Food and giggles bring marriage
I sometimes hear women talking about why they love their men. Or sometimes they haven’t landed one yet. Sometimes they are talking about what kind of man they would like to capture with the help of friends, relatives and professional dating services.
When asked what they would like in a mate, more often than not their answer surprises me. You would think a person would mention the substantial attractions of romance like good looks, wisdom, gentleness or somebody rich who can afford mansions, unlimited face lifts and huge, pricey tattoos – major needs like that.
I hear these single women in television interviews and dating service commercials hoping for a guy with “a good sense of humor.” Period. No wealth or extravagant hopes for a tall, dark dude – just a sense of humor.
You would think they would consider humor a small side issue in a civilized pairing of partners. There are several explanations. In the first place, routine daily humor is something that tends to provide proof the guy isn’t one of those sour oddballs who blow their tops and watch endless basketball games.
True, a persistent display of humor – by women as well as men – is part of the way you can be counted on to help each other exist in a happy home.
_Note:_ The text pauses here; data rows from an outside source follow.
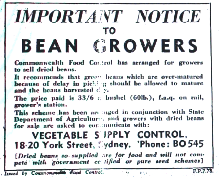 Arrangement for war time bean sales [Raymond Terrace Examiner and Lower Hunter and Port Stephens Advertiser, 13 January 1944]
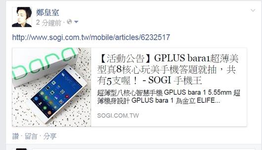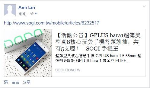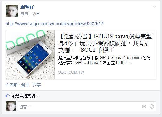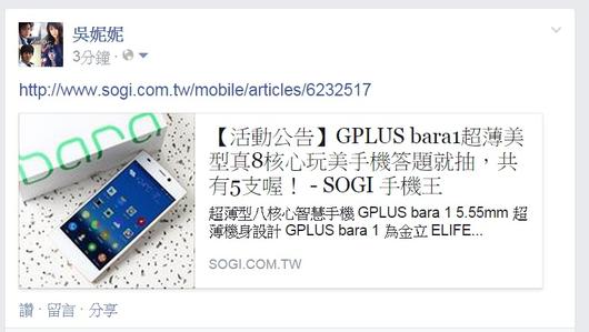 活動B:上傳分享活動圖片-- GPLUS bara 1 手機乙支(不挑色) - 2名
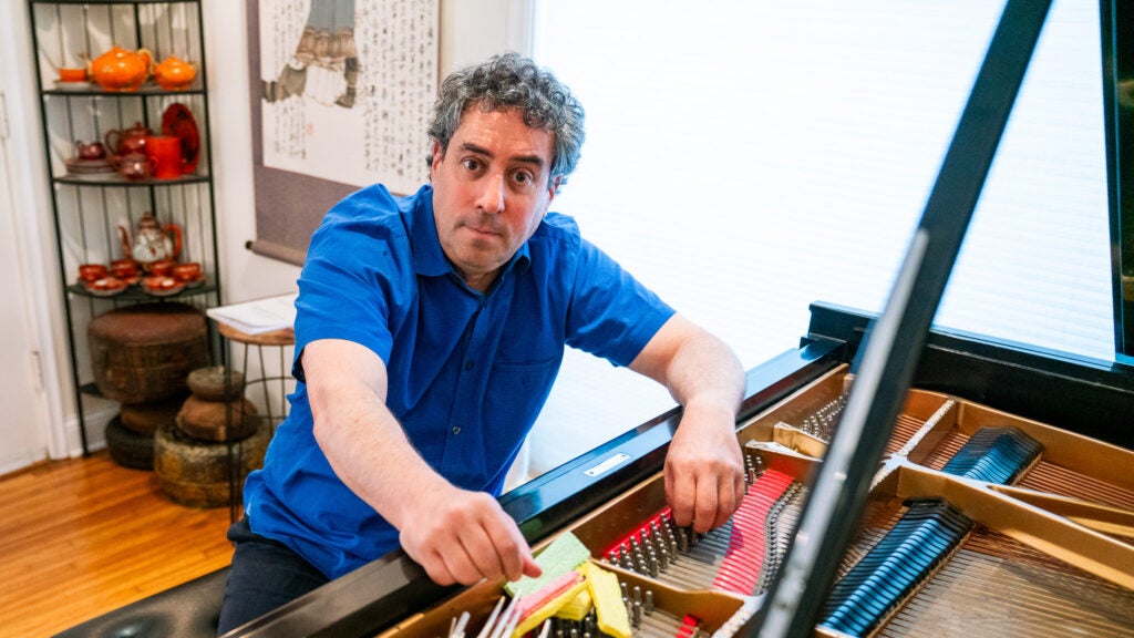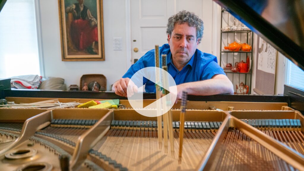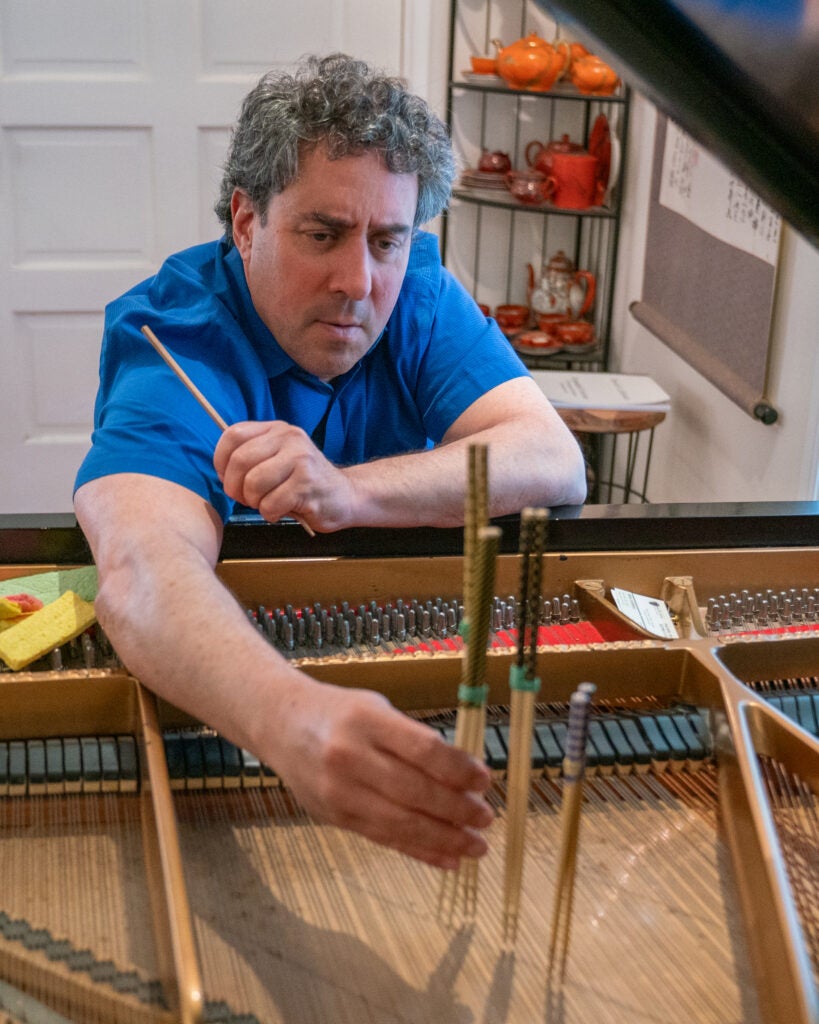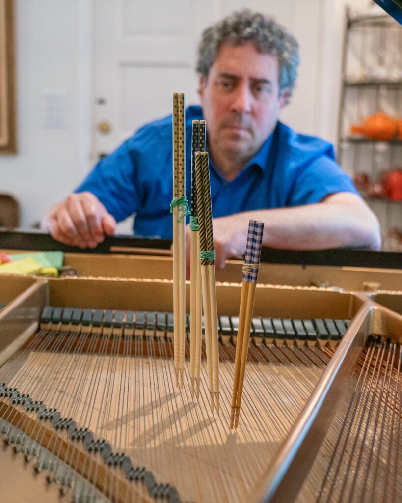 “To me, they sound like Chinese temple bells,” said Lefkowitz. He took hold of the lacquer chopsticks and dragged them through the strings toward the piano keys. The placement matters, he explained. He hit the piano key, then moved the chopsticks back up to their original position and hit the key again. “Do you hear it?”
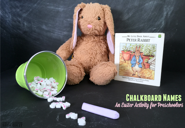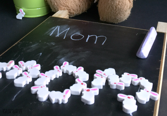 TIP: Younger children might need a little extra help by writing the name first and then the child copies their name onto the chalkboard. We use this mini chalkboard/dry erase board for projects like this. Another way to help them along is to write a list of family names that they can copy the letters and play this Easter Themed game with rabbits.
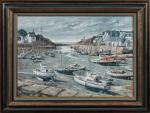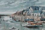 Georges BONCORS (XXe) Le port de Dahouët. Huile sur toile signée en bas à gauche. Hauteur : 60 cm. Largeur : 81 cm.
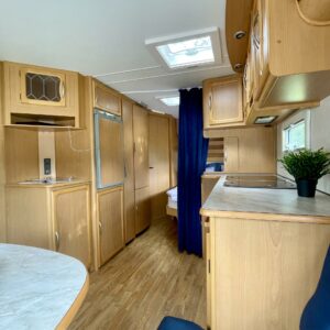 Alde, Kylskåp, Kassettoalett, Kassettgardiner, Taklucka, Vätsecirkulationsvärme, Frysfack, Parsäng, Tvättho, Radio, Elpatron, Stödben, TV-antenni tai lautasantenni
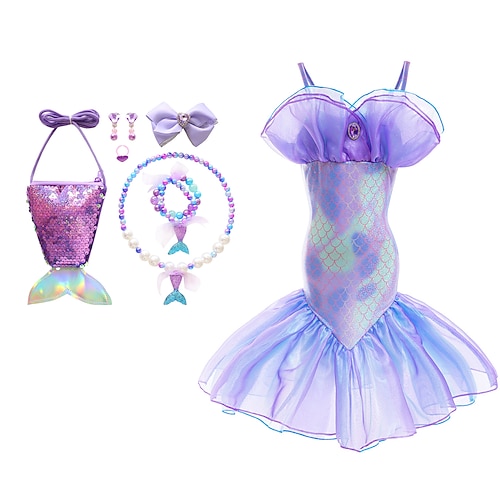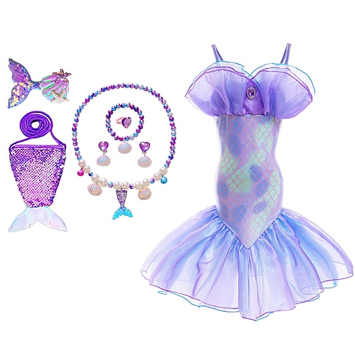 La sirenetta, la sirenetta, la coda della sirena, il vestito da principessa acquamarina, il vestito da Halloween, il costume da cosplay, il costume da festa a tema, il film cosplay, il cosplay per ragazze, il carnevale per bambini, il travestimento

However, some aspects of a marriage are more hugely serious than constant jokes. You need to find a partner who pitches in on bringing home the bacon – and then helps you cook it.
There is a simple reason for lonely women or men to seek a dream partner with a sense of humor: It’s virtually mandatory. Mother Nature has built us – all of us – to joke and laugh our lungs out.
It’s not true that there are some people without a sense of humor. We don’t always have our jolly side turned on, but it’s there waiting for everybody to enjoy the need for the humor within us.
We are constructed to laugh as surely we are constructed to procreate – or to do both at the same time. We have been programmed – for our own good – to do as Ma Nature bids us to do, for our own welfare.
Our urges are numerous. One of the largest is food. There is more to our built-in appetites than the hunger that drives our ravenous daily cravings. It’s a trick by Mother Earth. The entire human population wouldn’t have lasted long enough to reproduce itself without a built-in appetite for food.
Eating is part of an instant beginning at birth that immediately energizes our breathing, guzzling water, keeping warm and (some would say) eventually hugging your honey as soon as you’re old enough.
But our hunger for food is not the only urge. I speak of all our intertwined desires. We answer almost all of those cravings, and not just for food. Similarly, a man and woman today may meet and both will feel the pull of the largest appetite of all – each other.
Mother Nature has given us the tranquilizer of humor and laughter, the salve that has kept most of us almost sane while hunting bear, gathering nuts and berries, almost freezing to death, fighting each other, finding enough to eat and, worst of all, dying young. Our inner tranquilizers have saved our bacon, chemically calmed us and armed us with soothing laughter.
Mother Nature has taught us that, with all earth’s suffering, you can only laugh or cry – and that laughter is the kinder course. Then one day some sweet woman or some gentle man will want to marry you, all draped in flowers and a sense of humor.